WORK TASK:
Exclude all pictures, then copy each of the records exactly as written.

DATA FOR ANALYSIS:
*-*-*
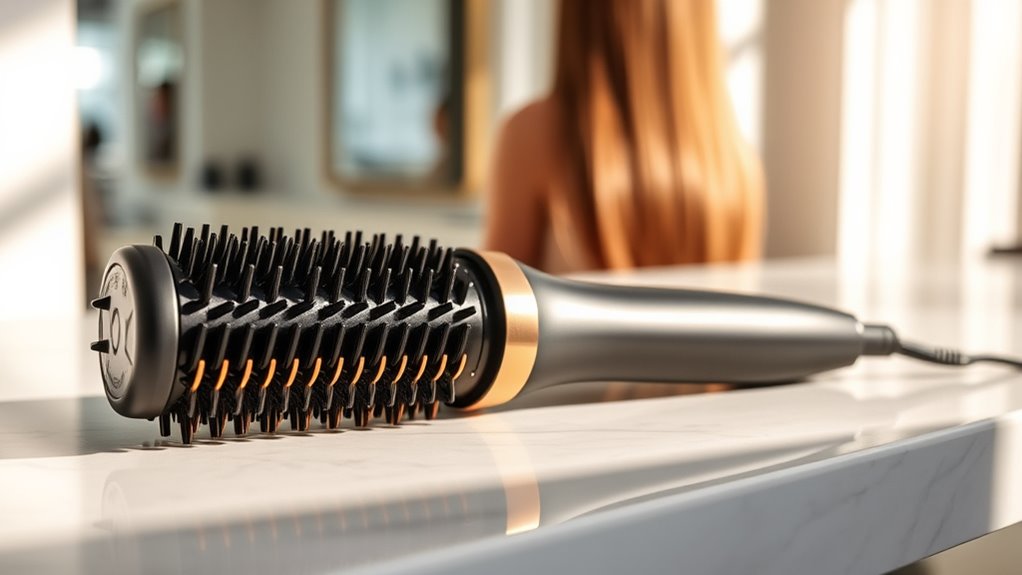 When selecting a premium hair straightening brush, paying attention to its ease of use can make a big difference in your styling experience. An ergonomic handle with intuitive button placement improves grip and reduces fatigue, so you can style comfortably for longer periods. Lightweight designs under 1 pound make maneuvering effortless and minimize arm strain. Adjustable temperature ranges allow you to customize settings for your hair type, ensuring effective and safe styling. Clear digital displays provide precise temperature readings, giving you control and consistency. Safety features like cool tips, anti-scald design, and auto shut-off boost confidence and prevent accidents. Overall, a well-designed, user-friendly brush makes styling quicker, safer, and more enjoyable—bringing salon-quality results right into your home.
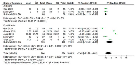 Figure 3 shows a forest plot with the combined VAS pain scores for studies that met the inclusion criteria. Aligners showed a significant reduction in pain scores between 24 h and 7 days after appliance fit, with an estimated reduction of −10.02 (95% CI: −11.13, −8.91). The two aligner studies were homogenous (I2 = 0%), adding significantly to the validity of the findings. The five labial appliance studies had high heterogeneity (I2 = 99%). The standardised mean difference in pain VAS scores between 24 h and 7 days was estimated −6.4 (95% CI: −10.42, −2.36) for labial appliances. The test for significant differences between them was not confirmed (χ2 = 2.89, p = 0.09). The heterogeneity for this comparison was moderate (I2 = 65.4%), suggesting a greater degree of caution in interpreting the findings from the studies evaluating labial appliances.
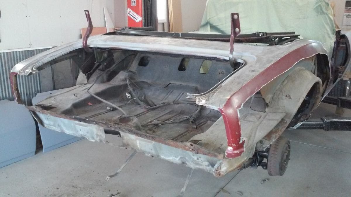 The body was in good shape and still features the original factory sheetmetal. There was no rust on the floor pans, front fenders, or doors. The hood had been worked on previously, and needed some minor repair. The rear quarters had minor rust above the wheel openings, but none on the inner fender wells. Gary replaced the rear quarter panels and the rear tail panel with new units.
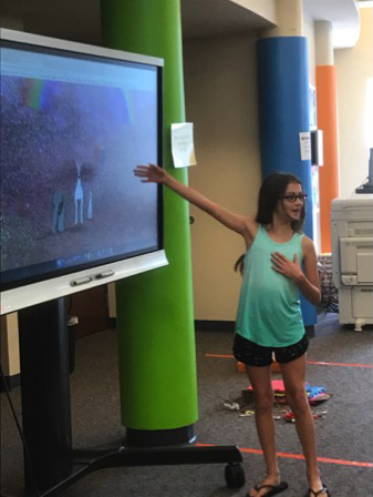 At the end of the hackathon, the entire camp gathered to share their creations, and parents were invited to watch the presentations. The coders ran their codes on a large Smartboard in the library for everyone to see, while other groups showed off the items they made by 3-D printing or using the vinyl cutter. Still other groups shared their robots made using Hummingbird kits. The excitement was evident in each girl’s presentation. They were proud of themselves for creating something using new technology, and they had the confidence to share their creations in front of their peers.
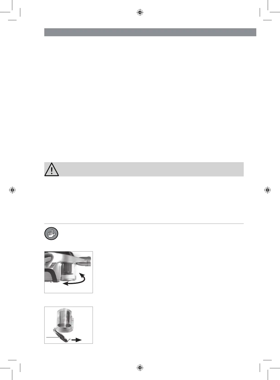 7. To ensure that the device operates optimally, empty and, if necessary, clean the dust
*-*-*
REPLY TO THE TASK:
 When selecting a premium hair straightening brush, paying attention to its ease of use can make a big difference in your styling experience. An ergonomic handle with intuitive button placement improves grip and reduces fatigue, so you can style comfortably for longer periods. Lightweight designs under 1 pound make maneuvering effortless and minimize arm strain. Adjustable temperature ranges allow you to customize settings for your hair type, ensuring effective and safe styling. Clear digital displays provide precise temperature readings, giving you control and consistency. Safety features like cool tips, anti-scald design, and auto shut-off boost confidence and prevent accidents. Overall, a well-designed, user-friendly brush makes styling quicker, safer, and more enjoyable—bringing salon-quality results right into your home.
 Figure 3 shows a forest plot with the combined VAS pain scores for studies that met the inclusion criteria. Aligners showed a significant reduction in pain scores between 24 h and 7 days after appliance fit, with an estimated reduction of −10.02 (95% CI: −11.13, −8.91). The two aligner studies were homogenous (I2 = 0%), adding significantly to the validity of the findings. The five labial appliance studies had high heterogeneity (I2 = 99%). The standardised mean difference in pain VAS scores between 24 h and 7 days was estimated −6.4 (95% CI: −10.42, −2.36) for labial appliances. The test for significant differences between them was not confirmed (χ2 = 2.89, p = 0.09). The heterogeneity for this comparison was moderate (I2 = 65.4%), suggesting a greater degree of caution in interpreting the findings from the studies evaluating labial appliances.
 The body was in good shape and still features the original factory sheetmetal. There was no rust on the floor pans, front fenders, or doors. The hood had been worked on previously, and needed some minor repair. The rear quarters had minor rust above the wheel openings, but none on the inner fender wells. Gary replaced the rear quarter panels and the rear tail panel with new units.
 At the end of the hackathon, the entire camp gathered to share their creations, and parents were invited to watch the presentations. The coders ran their codes on a large Smartboard in the library for everyone to see, while other groups showed off the items they made by 3-D printing or using the vinyl cutter. Still other groups shared their robots made using Hummingbird kits. The excitement was evident in each girl’s presentation. They were proud of themselves for creating something using new technology, and they had the confidence to share their creations in front of their peers.
 7. To ensure that the device operates optimally, empty and, if necessary, clean the dust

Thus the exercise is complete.